Watch out, TED.  There’s a rival for your viewers’ attentions out there:  the Do Lectures.  The Do Lectures are granola and Birkenstocks where TED is arugula and, I don’t know, Italian loafers.  The Do Lectures happen on a small farm in the little country of Wales, and they’re mostly about sustainable living, but the big idea is that they are talks about people who Do Things, and who might inspire us to Do Things too.  In other words, don’t just sit around staring at your computer like I am right now, and like you are when you read this, but get up, get inspired, and get moving.

A typical example of a very thoughtful and inspiring speech from the Do Lectures is Craig Mod’s talk about how the digital era and the iPad affect books and publishing.  Craig, a publisher and digital savant, begins quite modestly by saying that anyone who tells you where the publishing industry is heading doesn’t know what he is talking about.  And that’s fair warning:  the publishing industry is in ferment right now and no one knows where it will be in even a few years’ time.  

He then goes on to quite lucidly explain what opportunities the digital era is creating in publishing and what you can – and indeed, should, because these are Do Lectures – do about it.  He says that early examples of digital publishing like Encarta asked the wrong question.  Encarta asked “How can we stuff a traditional encyclopedia into a digital format?”  Instead, it should have asked, “How does digital affect the artifact, the book, publishing?” 
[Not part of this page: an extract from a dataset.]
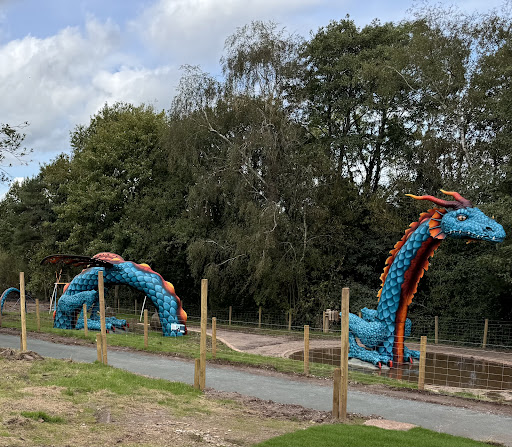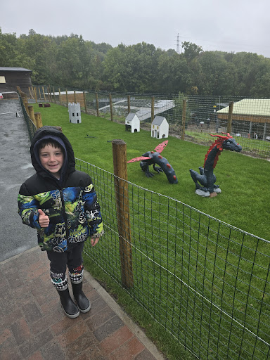 Once we were actually into the farm there's still many parts alongside the paths that are just churned up mud. The paths going down the hill are mostly nice new tarmac. As soon as you start to walk towards Rex the dragon it turns to rough path and then to a literal stone chipping path all around the "Eye paddock" just past him. This would've made traversal around the whole paddock completely inaccessible with a pram even with our prams big wheels. Luckily there wasnt a single animal in the entire paddock so that saved us attempting to make the effort to go and "off-road" the pram around it. As for Rex, his new paint job is lovely but he's still caged in and the little puddle/pond isn't full. When we there today he was still getting another coat/clear coat which was lovely to taste in the air as we walked by his cage.

And when you ask that question, you get answers like Wikipedia, Kickstarter, and Flipboard, where Mod is working now.  It’s a small shift in perspective that yields huge changes in thinking if you’ve got the passion to engage with the combination of digital and books.  Mod is on to something with that question, and every writer, speaker, publisher, and distributor should be asking it of what they’re doing, every day. 

Mod is enthusiastic as a speaker, rather than polished, but he closes with an extraordinary gambit that I have not seen anyone else use quite as well.  He personalizes the talk by directly addressing all the other speakers at the Do Lectures by name, and suggesting to them how they could bring publishing and digital together in their lives.  It’s a bravura performance, and deserves emulation by other speakers who want to make a room small – in a very effective and positive way.  Nice going, Craig.